Mis queridos hermanos, mis queridas hermanas, Cristo nunca menospreció a nadie, nunca infravaloró nuestras relaciones cotidianas, familiares, pero ciertamente nos ayudó a que entendiéramos que la fuente, que entendiéramos que la riqueza grande del amor está siempre en El Mesías, Él es la garantía, Él es la certeza, la seguridad de que amándolo, teniéndolo como la referencia suprema, no te vas a equivocar; cuántas personas, cuántos niños o jóvenes, no han cometido errores muy grandes por amar, por obedecer primero, por ejemplo a la mamá o al papá, y no a Jesús.

Por lo tanto queridas hermanas, hoy nosotros discípulos de Jesús, experimentemos y decidamos ser sus discípulos auténticamente, quererlo escuchar, detenidamente, ir valorando su Palabra, irnos dejando acompañar como lo hicieron los Apóstoles; los Apóstoles se dejaron guiar, se dejaron corregir muchas veces por Jesús, y entonces alcanzaron la plenitud del apostolado, pudieron ser una garantía para enseñar a todas las naciones, y ofrecerles la sabiduría perfecta que viene de Dios.

Y así mis queridos hermanos, Nuestro Señor también a sus discípulos nos pone en un lugar privilegiado, aun cuando seamos ‒y ojalá sí permanezcamos‒ pequeños, hay una grandeza infinita, hay una relación perfecta del discípulo, de lo que es el discípulo, de lo que hacen discípulo, de lo que recibe el discípulo, hay una relación perfecta con el cielo; el cielo está atento a ver todo lo que le sucede a un discípulo que ha sabido amar a Cristo; por ejemplo ‘recibir′, y esto ojalá hoy a nosotros también nos siga reeducando en la capacidad de recibir, en la capacidad de valorar a los demás; cuántas veces no nos habrá visitado Dios y nosotros por ver que se trata de una persona muy sencilla, o tal vez ignorante o tal vez con muchos defectos, nosotros le cerramos la puerta o incluso la rechazamos, y nos perdimos la experiencia, nos perdimos el regalo de recibir a Dios.

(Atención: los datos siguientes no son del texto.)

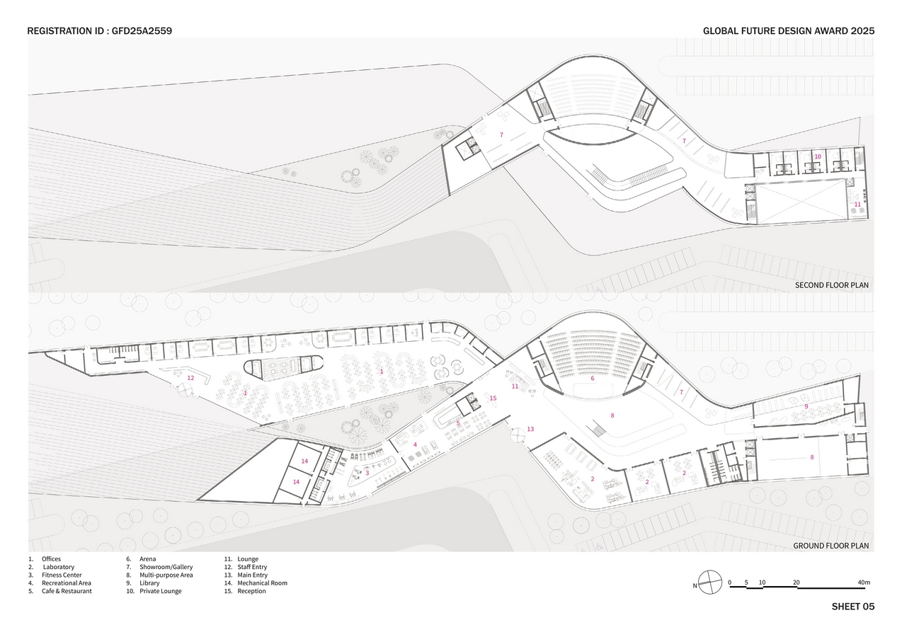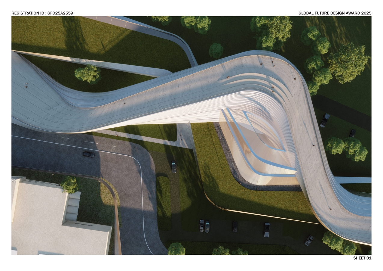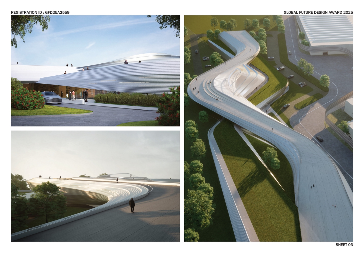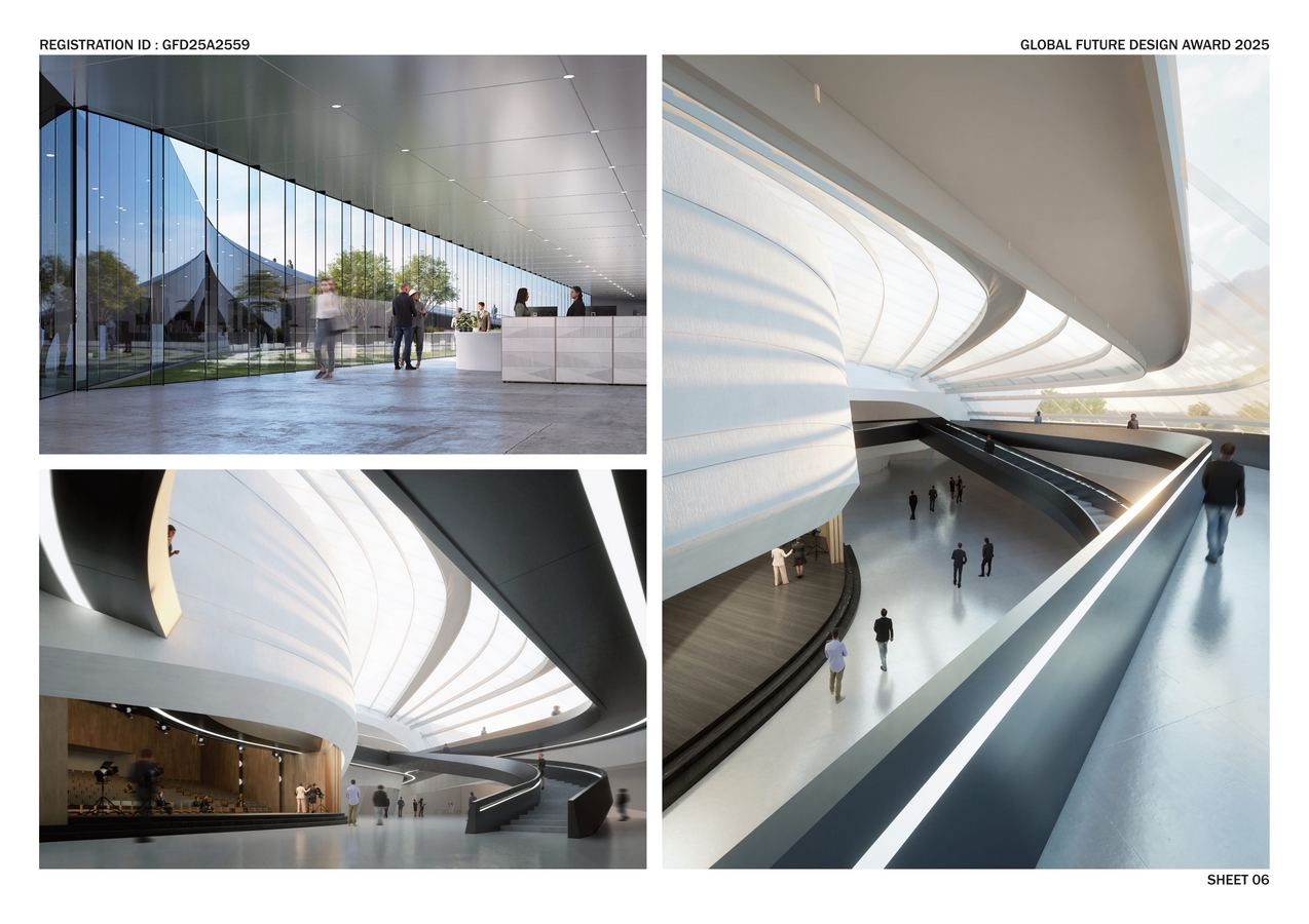 The architectural form of the headquarters features two intertwined strands, each serving distinct yet complementary purposes. One strand is dedicated to work and research spaces, fostering focused innovation and development. The other strand provides areas for relaxation, social engagement, and visitor interaction, encouraging a holistic approach to workplace design. Together, these strands create a vibrant spatial experience, integrating key architectural elements such as an arena, a central courtyard, and accessible roof gardens. These features promote creativity, interaction, and sustainability, aligning with FITT’s mission and values.

El autor de la Carta a los Hebreos llegó a decir: «estén atentos en practicar la caridad, porque muchos que recibieron a personas insignificantes, estaban recibiendo Ángeles; abrían las puertas a los ángeles de Dios, que les recompensarán todo lo que les ofrecieron». Bueno en una palabra, aprendamos a recibir, aprendamos a valorar a las personas; si las recibimos correctamente estamos glorificando a Cristo, y estamos como quien dice, depositando en el cielo una cuenta tan valiosa, que Dios te la engrandecerá para las moradas eternas, ‘el que reciba hasta el más pequeñito, el que le regale al más pequeñito un vasito de agua, lo encontrará magnificado, engrandecido en el cielo′.

 Jesús pues mis queridas, mis queridos hermanos, nos enseña a valorarnos como pequeños, a valorar lo pequeño, a valorar los detalles, a valorar la monedita, a valorar el vasito de agua, a valorar un trocito de pan, a valorar un saludo, una sonrisa, y de ahí el cielo se enriquece, y tendrá mucho que darnos cuando nos presentemos ante nuestro Divino Señor. aprendamos a recibir, a valorar a las personas, a contemplarlas con los ojos de Cristo, aprendamos a seguir siendo pequeños, aprendamos a valorar hasta el mínimo detalle que alguna persona nos ofrezca, glorifiquemos a Dios, y estaremos en diálogo perfecto con el Reino de los Cielos. Así sea.